Wherein, the number of times of purging may be the number of times of purging conventional in the art, preferably three times. The purging serves to remove air.
The heating rate may be a heating rate conventional in the art, preferably a constant rate, and more preferably 5 to 10 ℃/min, such as 7, 9, or 10 ℃/min.
The holding time may be a holding time conventional in the art, and is preferably 20 to 60min, for example 30, 40 or 50min.
Wherein the saturation time is preferably 1 to 2h, such as 1.5h.
Wherein, after saturating the sheet, the following steps can be further included according to the routine in the field: pressure relief; and (6) cooling and shaping.
Wherein the pressure relief operation may be a conventional pressure relief operation in the art, preferably a rapid pressure relief, for example, to release high pressure CO within 1s 2 And (4) discharging. Wherein the pressure relief rate is preferably 300 to 700MPa/s, more preferably 400 to 600MPa/s, for example 500MPa/s.
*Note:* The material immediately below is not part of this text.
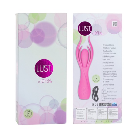 Вибромассажер с двойными лепестками Lust by JOPEN L7 перезаряжаемый из уникальной коллекции Страсть . Нежные прикосновения, интенсивный поэтапный контроль скорости, 10 функциональных режимов вибрации, пульсации и эскалации - ласки под вашим контролем.
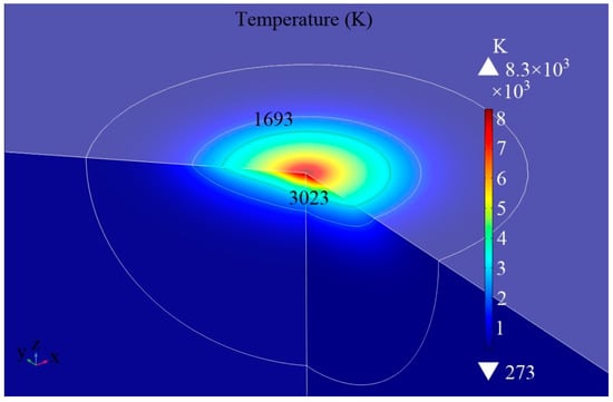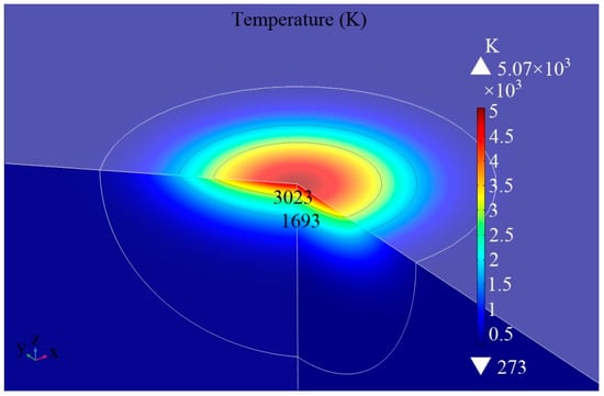 Based on the results and comparison, the influence of the non-Fourier effect on the temperature field distribution can be characterized and analyzed. Figure 2 and Figure 3 are the temperature field distribution results without considering and considering the non-Fourier effect in EDM, respectively. The processing parameters are as follows: pulse current of 1.15 A, pulse-on time of 0.49 μs, and peak voltage of 100 V. The calculated results show that the energy absorption ratio of the workpiece was 8.3%, and the radius of the discharge channel was 5.9 μm. From Figure 2 and Figure 3, the following can be observed: (1) The temperature distribution of the micro/nano-EDM was sequentially decreased from the center of the discharge point along the axial and radial directions; (2) the maximum temperature can reach thousands of degrees Celsius; according to the melting point/boiling point temperature lines in the figure, the volume of vaporized material of the workpiece reached about 40% of the volume of melted material, and therefore, it was necessary to consider the melting and vaporization latent heat simultaneously; (3) without considering the non-Fourier effect, the maximum temperature of the workpiece material was 5.07 × 103 K, the radius of the molten pool was 6.0 μm, and the depth of the molten pool was 2.03 μm; (4) considering the non-Fourier effect, the maximum temperature of the workpiece material was 8.3 × 103 K, the radius of the molten pool was 5.63 μm, and the depth of the molten pool was 1.87 μm; (5) from the aspect of the temperature gradient, the temperature gradient considering the non-Fourier effect was obviously higher than that without considering non-Fourier effect near the center of the discharge point. The main reason for this phenomenon is that the discharge process of micro/nano-EDM is transient. However, there was a time delay in the heat wave transfer. Thus, the discharge energy could not be transferred instantaneously to the workpiece material, which caused the discharge energy to gather in the center of the discharge point, promoting a larger temperature gradient near the discharge center.

In a preferred embodiment of the present invention, the preparation method of the polypropylene foam material comprises the following steps:
(1) Blending: mixing a polypropylene raw material and polydimethylsiloxane with the number average molecular weight of 4000g/mol according to the mass ratio of 100;
(2) Foaming: in CO 2 Foaming under the condition, adding small molecule CO-foaming agent acetone in the foaming process, wherein the addition amount is CO under the experimental temperature and pressure 2 5% by weight of the mass, with CO 2 Purging, heating to 156 deg.C, keeping the temperature for half an hour, and introducing high-pressure CO 2 Controlling the pressure to be 15MPa, leading the sheet to be saturated for 1.5h until the dissolution and diffusion are balanced, then quickly relieving the pressure, and leading high-pressure CO in the container to be in 1s 2 Discharging, cooling and shaping.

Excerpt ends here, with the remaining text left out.